Traditional imputation methods like mean or median replacement can be inadequate for complex datasets. This example shows you smart imputation techniques using iterative imputation, which considers the relationships between features.
Here’s where it gets exciting! Here’s how we can tackle this:
from sklearn.experimental import enable_iterative_imputer
from sklearn.impute import IterativeImputer
from sklearn.ensemble import RandomForestRegressor
def advanced_imputation(df):
# Initialize iterative imputer with random forest estimator
imputer = IterativeImputer(
estimator=RandomForestRegressor(n_estimators=100),
max_iter=10,
random_state=42
)
# Perform imputation
imputed_data = imputer.fit_transform(df)
# Create new dataframe with imputed values
df_imputed = pd.DataFrame(imputed_data,
columns=df.columns,
index=df.index)
# Validation metrics
imputation_quality = {
'convergence': imputer.n_iter_,
'feature_importances': dict(zip(
df.columns,
imputer.estimator_.feature_importances_
))
}
return df_imputed, imputation_quality
# Example usage
df_imputed, quality_metrics = advanced_imputation(df_with_missing)
print("Imputation Quality Metrics:\n", quality_metrics)
🚀
🔥 Level up: Once you master this, you’ll be solving problems like a pro! Outlier Detection Using Multiple Methods - Made Simple!
A complete approach to outlier detection combines statistical methods, density-based approaches, and machine learning techniques to identify anomalous data points with higher confidence and reduced false positives.
Let me walk you through this step by step! Here’s how we can tackle this:
from sklearn.ensemble import IsolationForest
from scipy import stats
def multi_method_outlier_detection(df, column):
# Z-score method
z_scores = np.abs(stats.zscore(df[column]))
z_score_outliers = df[z_scores > 3]
# IQR method
Q1 = df[column].quantile(0.25)
Q3 = df[column].quantile(0.75)
IQR = Q3 - Q1
iqr_outliers = df[(df[column] < (Q1 - 1.5 * IQR)) |
(df[column] > (Q3 + 1.5 * IQR))]
# Isolation Forest method
iso_forest = IsolationForest(contamination=0.1,
random_state=42)
predictions = iso_forest.fit_predict(df[[column]])
isolation_outliers = df[predictions == -1]
return {
'z_score': z_score_outliers,
'iqr': iqr_outliers,
'isolation_forest': isolation_outliers,
'consensus': df[
df.index.isin(z_score_outliers.index) &
df.index.isin(iqr_outliers.index)
]
}
# Example usage
results = multi_method_outlier_detection(df, 'mean radius')

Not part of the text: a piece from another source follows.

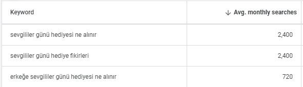 Sevgililer günü hediyesi ne alınır? Sevgililer günü hediye fikirleri gibi hacimli anahtar kelimeleri hedef alarak blog içeriği üretebilir ve bu dönemde artan hacimlere yanıt verebilirsiniz.

for method, outliers in results.items():
print(f"\n{method.title()} Outliers Count: {len(outliers)}")
🚀 Feature Scaling Implementation - Made Simple!
Feature scaling is essential for ensuring all variables contribute equally to the model. This example provides a complete approach to scaling, including both standardization and normalization with safeguards against data leakage during cross-validation.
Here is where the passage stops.